● Task details: If an entry holds a picture, leave the picture out and copy the rest exactly.

● Dataset excerpts:

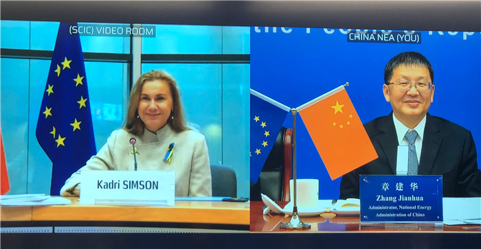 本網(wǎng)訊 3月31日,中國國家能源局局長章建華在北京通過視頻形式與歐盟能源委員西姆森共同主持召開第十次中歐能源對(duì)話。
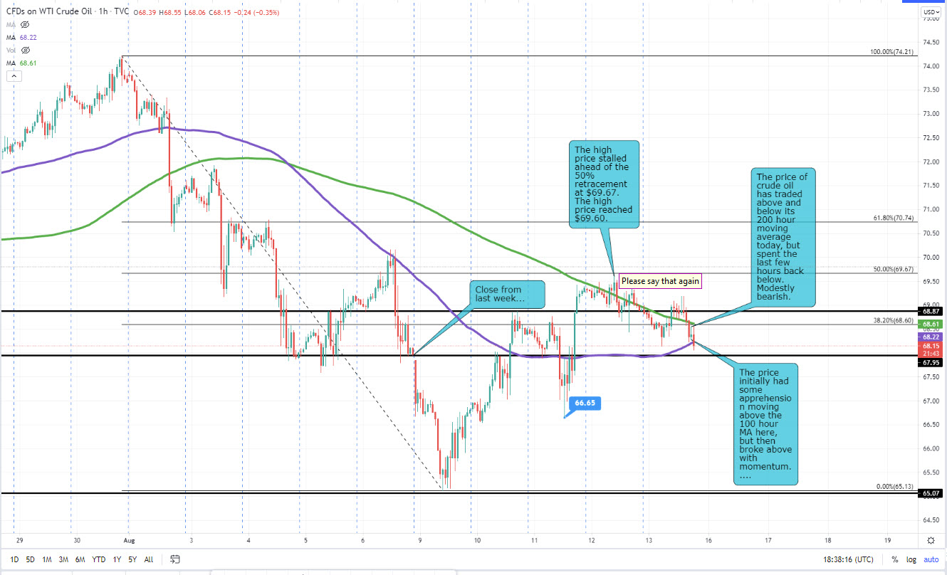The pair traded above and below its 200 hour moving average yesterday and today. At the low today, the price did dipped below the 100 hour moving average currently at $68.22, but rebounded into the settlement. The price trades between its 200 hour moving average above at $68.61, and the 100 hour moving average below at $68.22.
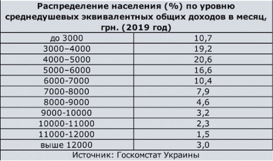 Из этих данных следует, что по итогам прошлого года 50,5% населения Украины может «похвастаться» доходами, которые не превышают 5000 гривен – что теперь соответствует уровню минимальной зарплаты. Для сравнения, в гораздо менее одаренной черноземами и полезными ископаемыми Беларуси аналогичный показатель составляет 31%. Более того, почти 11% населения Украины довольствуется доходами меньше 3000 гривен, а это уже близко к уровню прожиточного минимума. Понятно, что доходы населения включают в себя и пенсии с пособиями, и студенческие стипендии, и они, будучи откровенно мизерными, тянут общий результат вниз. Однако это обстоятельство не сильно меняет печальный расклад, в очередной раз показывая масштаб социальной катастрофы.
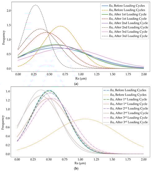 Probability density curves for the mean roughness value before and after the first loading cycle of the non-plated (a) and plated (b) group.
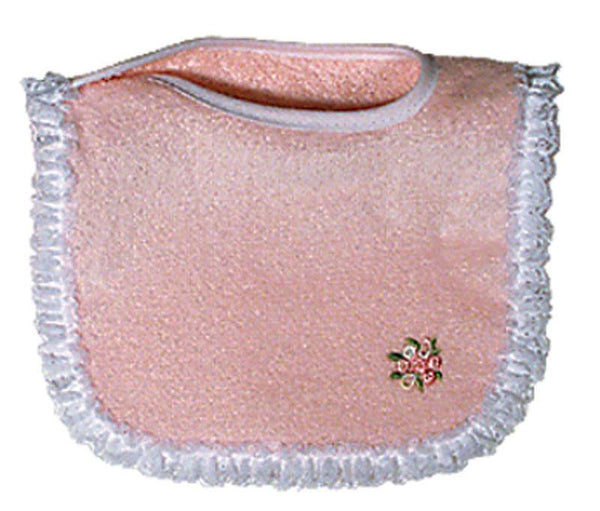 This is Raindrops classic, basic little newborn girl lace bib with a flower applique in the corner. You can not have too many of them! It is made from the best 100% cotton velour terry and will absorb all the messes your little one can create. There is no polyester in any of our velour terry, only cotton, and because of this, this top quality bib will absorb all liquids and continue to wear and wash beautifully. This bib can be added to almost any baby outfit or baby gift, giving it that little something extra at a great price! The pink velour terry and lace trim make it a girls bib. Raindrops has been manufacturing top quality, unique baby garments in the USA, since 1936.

● Answer area:
 本網(wǎng)訊 3月31日,中國國家能源局局長章建華在北京通過視頻形式與歐盟能源委員西姆森共同主持召開第十次中歐能源對(duì)話。
The pair traded above and below its 200 hour moving average yesterday and today. At the low today, the price did dipped below the 100 hour moving average currently at $68.22, but rebounded into the settlement. The price trades between its 200 hour moving average above at $68.61, and the 100 hour moving average below at $68.22.
 Из этих данных следует, что по итогам прошлого года 50,5% населения Украины может «похвастаться» доходами, которые не превышают 5000 гривен – что теперь соответствует уровню минимальной зарплаты. Для сравнения, в гораздо менее одаренной черноземами и полезными ископаемыми Беларуси аналогичный показатель составляет 31%. Более того, почти 11% населения Украины довольствуется доходами меньше 3000 гривен, а это уже близко к уровню прожиточного минимума. Понятно, что доходы населения включают в себя и пенсии с пособиями, и студенческие стипендии, и они, будучи откровенно мизерными, тянут общий результат вниз. Однако это обстоятельство не сильно меняет печальный расклад, в очередной раз показывая масштаб социальной катастрофы.
 Probability density curves for the mean roughness value before and after the first loading cycle of the non-plated (a) and plated (b) group.
 This is Raindrops classic, basic little newborn girl lace bib with a flower applique in the corner. You can not have too many of them! It is made from the best 100% cotton velour terry and will absorb all the messes your little one can create. There is no polyester in any of our velour terry, only cotton, and because of this, this top quality bib will absorb all liquids and continue to wear and wash beautifully. This bib can be added to almost any baby outfit or baby gift, giving it that little something extra at a great price! The pink velour terry and lace trim make it a girls bib. Raindrops has been manufacturing top quality, unique baby garments in the USA, since 1936.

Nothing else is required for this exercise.